# **Waze User Churn: Logistic Regression Modeling**
**This notebook develops and evaluates a binomial logistic regression model to predict user chrun for Waze based on app usage and driver behavior variables. The focus is on translating exploratory data analysis into a predictive model and interpreting model performance and feature effects in a business context.**

The analysis proceeds in three stages:
- Exploratory data analysis (EDA) and assumption checks for logistic regression
- Model building and evaluation using a binomial logistic regression classifier
- Interpretation of model results and implications for churn-focused business decisions

The objective is to build a model that predicts whether a user churns and to understand which behavioral features are most associated with churn. 
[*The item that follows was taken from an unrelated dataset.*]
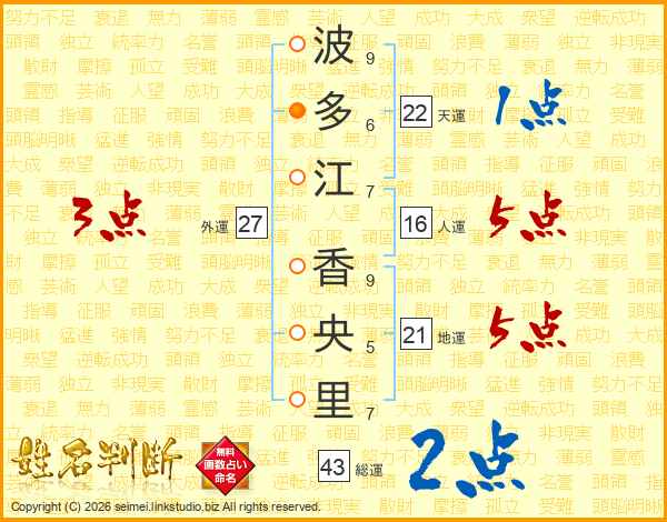 波多江香央里さんの総運は43画の2点!

### **Data and Libraries**
The Waze churn dataset is loaded into a pandas DataFrame, and standard Python and scikit-learn tools are used for visualizations, feature engineering and logistics regression modeling. 

In [None]:
# Core libraries for data manipulation and visualization
import pandas as pd
import numpy as np
import matplotlib.pyplot as plt
import seaborn as sns

# tools for preprocessing, model training, and evaluation
from sklearn.preprocessing import StandardScaler, OneHotEncoder
from sklearn.model_selection import train_test_split
from sklearn.metrics import classification_report, accuracy_score, precision_score, \
recall_score, f1_score, confusion_matrix, ConfusionMatrixDisplay
from sklearn.linear_model import LogisticRegression

The churn dataset is read from CSV into a DataFrame for analysis. 

In [None]:
df = pd.read_csv('waze_dataset.csv')

## **Exploratory data analysis**

EDA is used to understand class balance, identify missing values, and detect potential outliers or data quality issues that may influence a logistic regression model. Visual inspection of distributions and summary staistics support later decisions on feature engineer, outlier handling, and model assumptions. 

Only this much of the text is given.